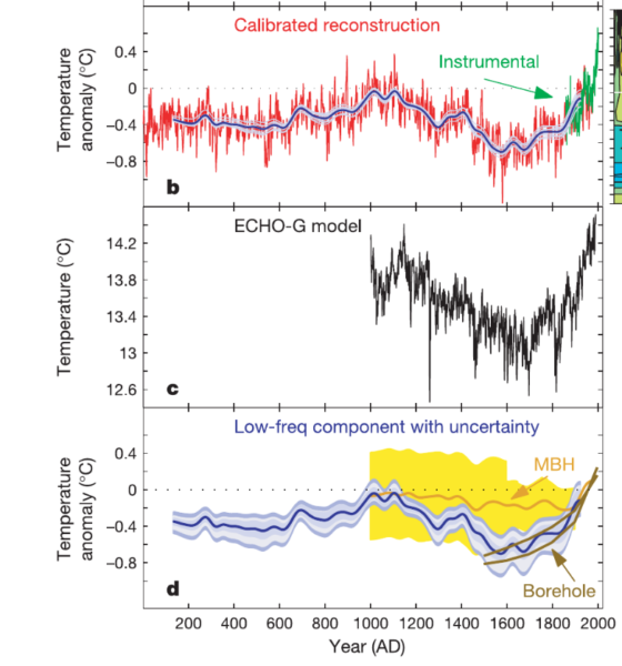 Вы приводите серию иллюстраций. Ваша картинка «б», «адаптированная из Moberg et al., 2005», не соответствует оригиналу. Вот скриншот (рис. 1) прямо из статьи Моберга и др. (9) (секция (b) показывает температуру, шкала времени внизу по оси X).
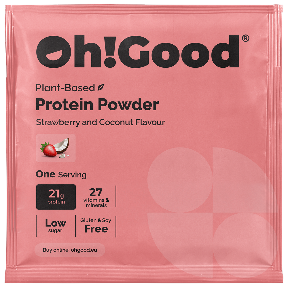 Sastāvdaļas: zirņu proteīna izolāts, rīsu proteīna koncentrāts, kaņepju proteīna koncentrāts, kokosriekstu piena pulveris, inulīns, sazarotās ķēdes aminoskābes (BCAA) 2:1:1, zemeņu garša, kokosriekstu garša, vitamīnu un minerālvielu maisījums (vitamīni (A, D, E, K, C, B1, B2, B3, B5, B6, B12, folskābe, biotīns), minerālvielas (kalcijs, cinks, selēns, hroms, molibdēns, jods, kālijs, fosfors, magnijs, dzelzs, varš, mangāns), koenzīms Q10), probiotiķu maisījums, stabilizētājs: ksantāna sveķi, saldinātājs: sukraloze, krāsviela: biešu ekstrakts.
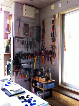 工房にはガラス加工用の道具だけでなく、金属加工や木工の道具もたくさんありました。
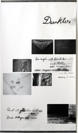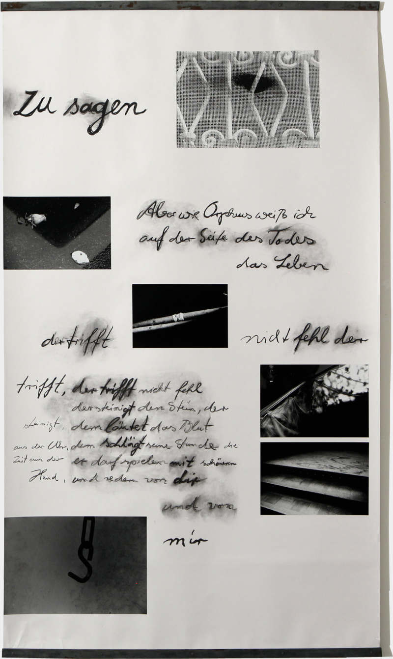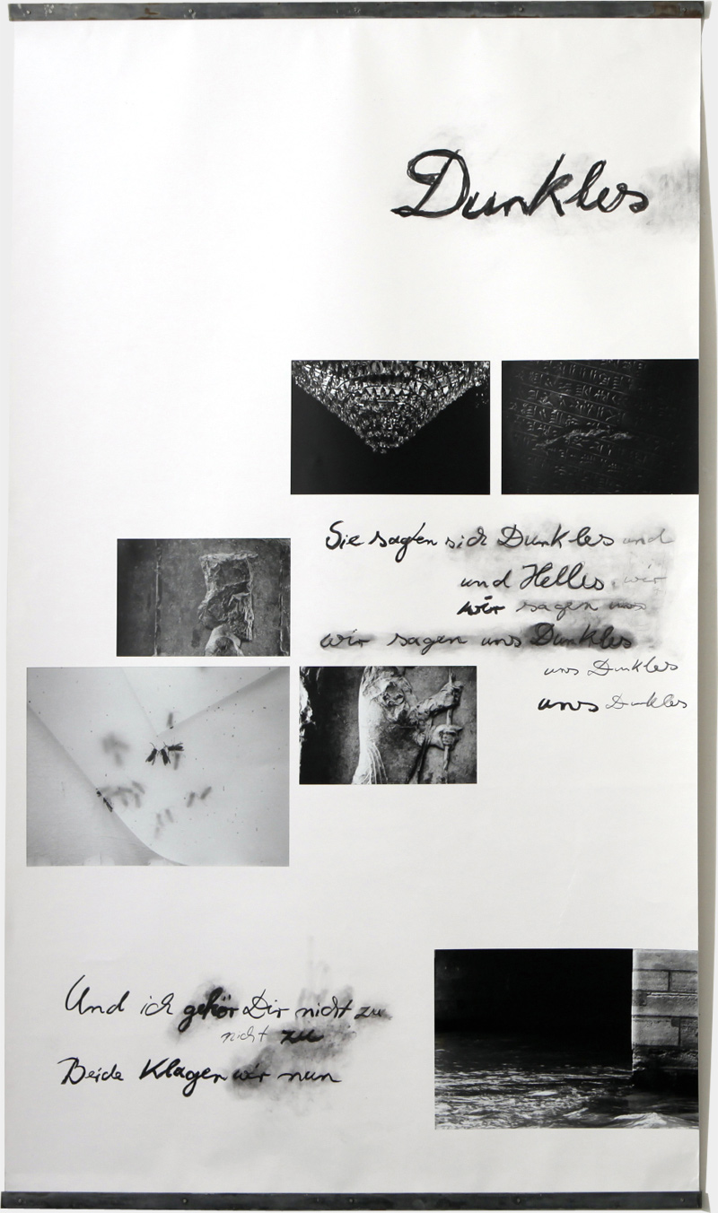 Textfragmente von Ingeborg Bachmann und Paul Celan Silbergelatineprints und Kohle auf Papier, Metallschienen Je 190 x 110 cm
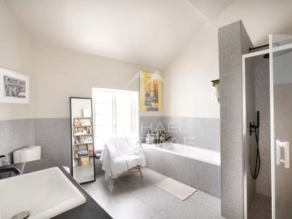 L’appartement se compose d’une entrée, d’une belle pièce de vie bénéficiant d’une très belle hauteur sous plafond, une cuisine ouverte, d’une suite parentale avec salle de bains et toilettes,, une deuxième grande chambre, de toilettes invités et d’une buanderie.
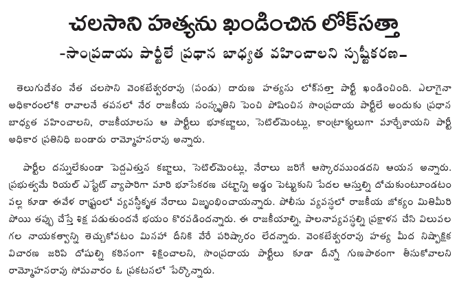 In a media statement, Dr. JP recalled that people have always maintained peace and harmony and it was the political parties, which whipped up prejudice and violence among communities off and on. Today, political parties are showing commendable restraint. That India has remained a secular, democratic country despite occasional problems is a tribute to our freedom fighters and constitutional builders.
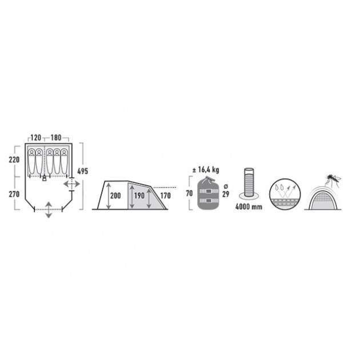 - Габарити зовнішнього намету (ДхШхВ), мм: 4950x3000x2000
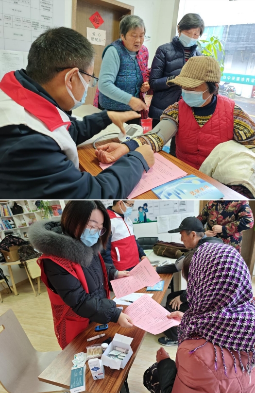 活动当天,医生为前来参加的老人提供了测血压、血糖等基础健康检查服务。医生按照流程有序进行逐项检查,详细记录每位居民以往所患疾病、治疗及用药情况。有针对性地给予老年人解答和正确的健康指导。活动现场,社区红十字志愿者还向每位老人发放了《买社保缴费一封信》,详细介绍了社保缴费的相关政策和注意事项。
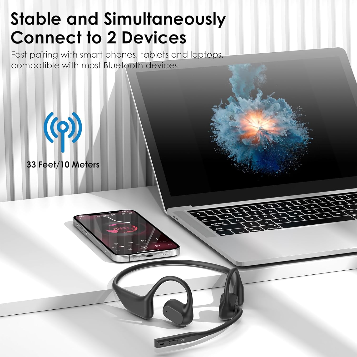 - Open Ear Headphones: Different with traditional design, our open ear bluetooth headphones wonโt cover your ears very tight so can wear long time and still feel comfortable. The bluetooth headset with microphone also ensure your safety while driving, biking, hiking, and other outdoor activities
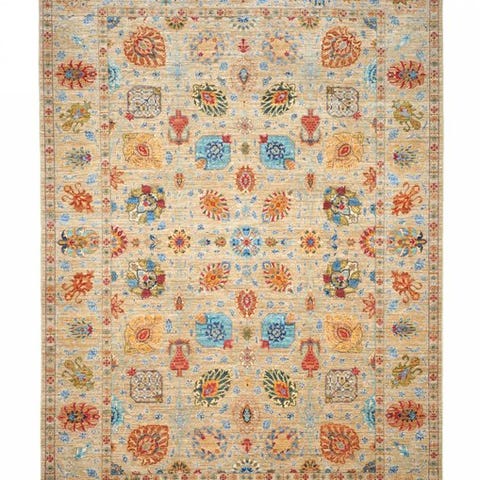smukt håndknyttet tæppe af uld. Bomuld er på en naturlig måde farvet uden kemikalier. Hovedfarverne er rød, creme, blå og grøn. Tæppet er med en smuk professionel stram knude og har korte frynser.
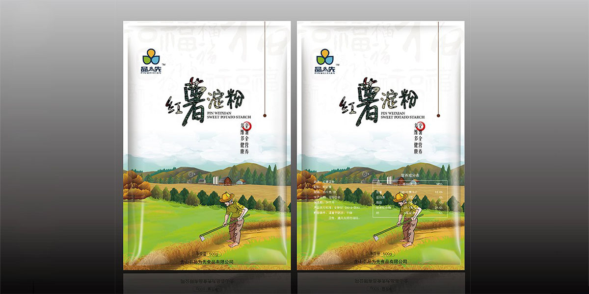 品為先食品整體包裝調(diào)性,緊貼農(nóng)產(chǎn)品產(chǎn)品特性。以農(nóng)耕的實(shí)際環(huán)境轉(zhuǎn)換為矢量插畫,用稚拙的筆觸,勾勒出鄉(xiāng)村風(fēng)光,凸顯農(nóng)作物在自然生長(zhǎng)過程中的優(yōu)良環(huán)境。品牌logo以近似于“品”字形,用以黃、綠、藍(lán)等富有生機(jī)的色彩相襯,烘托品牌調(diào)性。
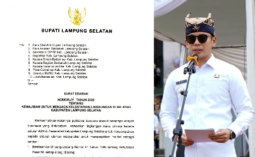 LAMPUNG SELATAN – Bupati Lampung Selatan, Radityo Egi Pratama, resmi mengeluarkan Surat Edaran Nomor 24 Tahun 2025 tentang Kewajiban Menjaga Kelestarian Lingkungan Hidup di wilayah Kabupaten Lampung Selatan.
++++++
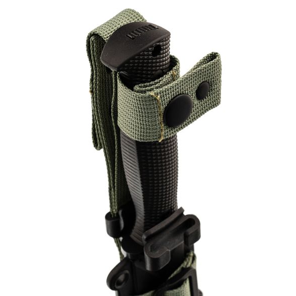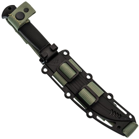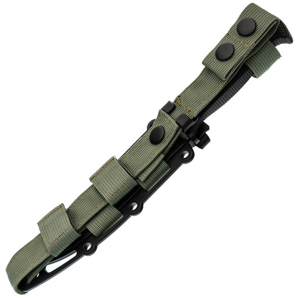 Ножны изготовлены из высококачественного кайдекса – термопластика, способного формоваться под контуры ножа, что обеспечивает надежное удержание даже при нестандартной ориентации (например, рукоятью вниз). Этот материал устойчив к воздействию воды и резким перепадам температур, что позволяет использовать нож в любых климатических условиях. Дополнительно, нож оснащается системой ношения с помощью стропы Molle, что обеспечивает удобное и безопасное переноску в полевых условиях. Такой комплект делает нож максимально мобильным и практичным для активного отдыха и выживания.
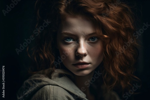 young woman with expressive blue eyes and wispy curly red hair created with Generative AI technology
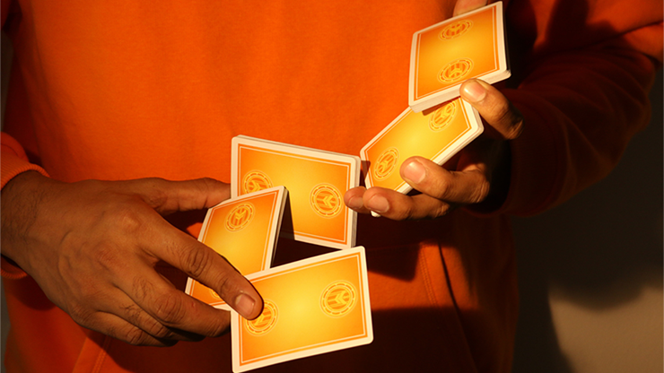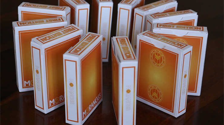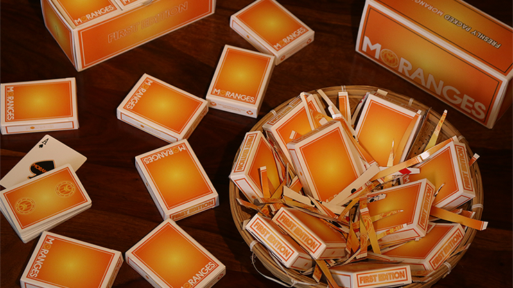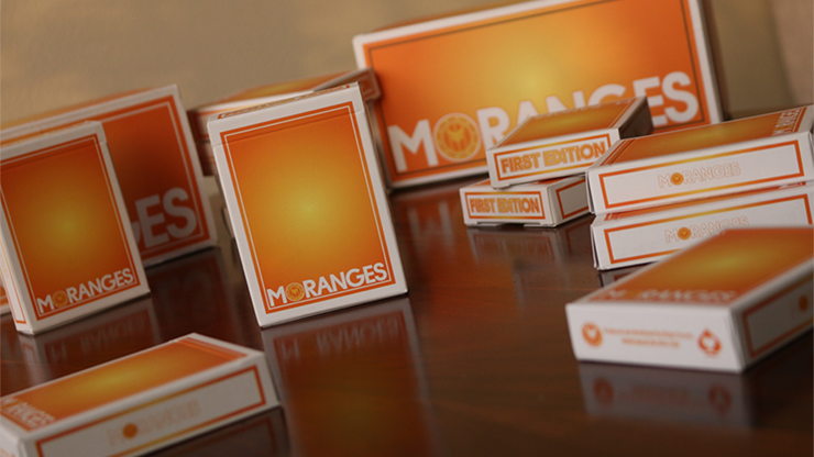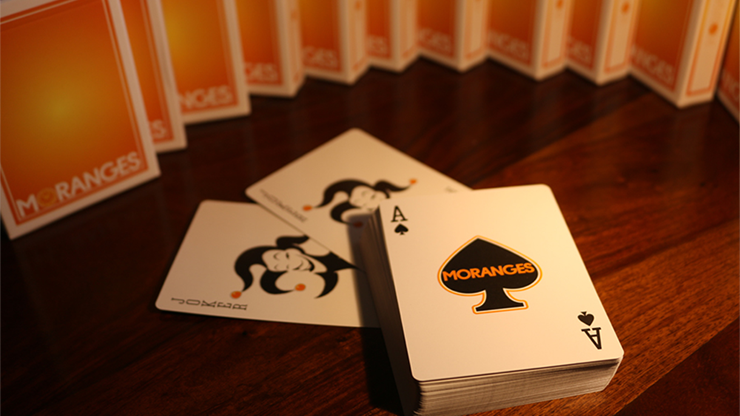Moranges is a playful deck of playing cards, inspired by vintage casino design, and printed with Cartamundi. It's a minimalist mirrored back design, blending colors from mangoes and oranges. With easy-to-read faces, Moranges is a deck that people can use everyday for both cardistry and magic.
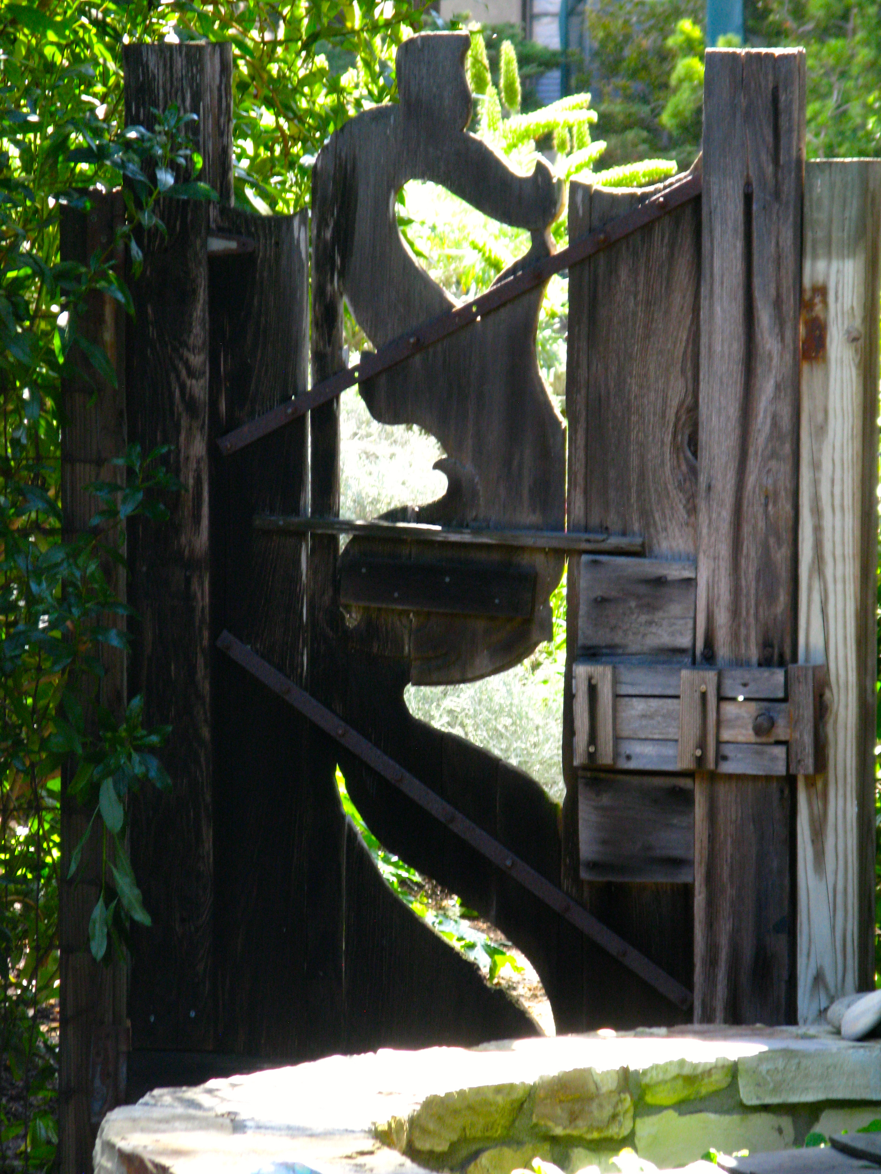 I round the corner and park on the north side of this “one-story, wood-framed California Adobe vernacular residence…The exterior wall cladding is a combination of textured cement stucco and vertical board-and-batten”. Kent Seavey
++++++
What the task asks:
In the listing above, find the line with "- Габарити зовнішнього" and the line with "活动当天,医生为前来参加的老". Transcribe those two and everything between, exactly, leaving out pictures.

Exercise solution:
 - Габарити зовнішнього намету (ДхШхВ), мм: 4950x3000x2000
 活动当天,医生为前来参加的老人提供了测血压、血糖等基础健康检查服务。医生按照流程有序进行逐项检查,详细记录每位居民以往所患疾病、治疗及用药情况。有针对性地给予老年人解答和正确的健康指导。活动现场,社区红十字志愿者还向每位老人发放了《买社保缴费一封信》,详细介绍了社保缴费的相关政策和注意事项。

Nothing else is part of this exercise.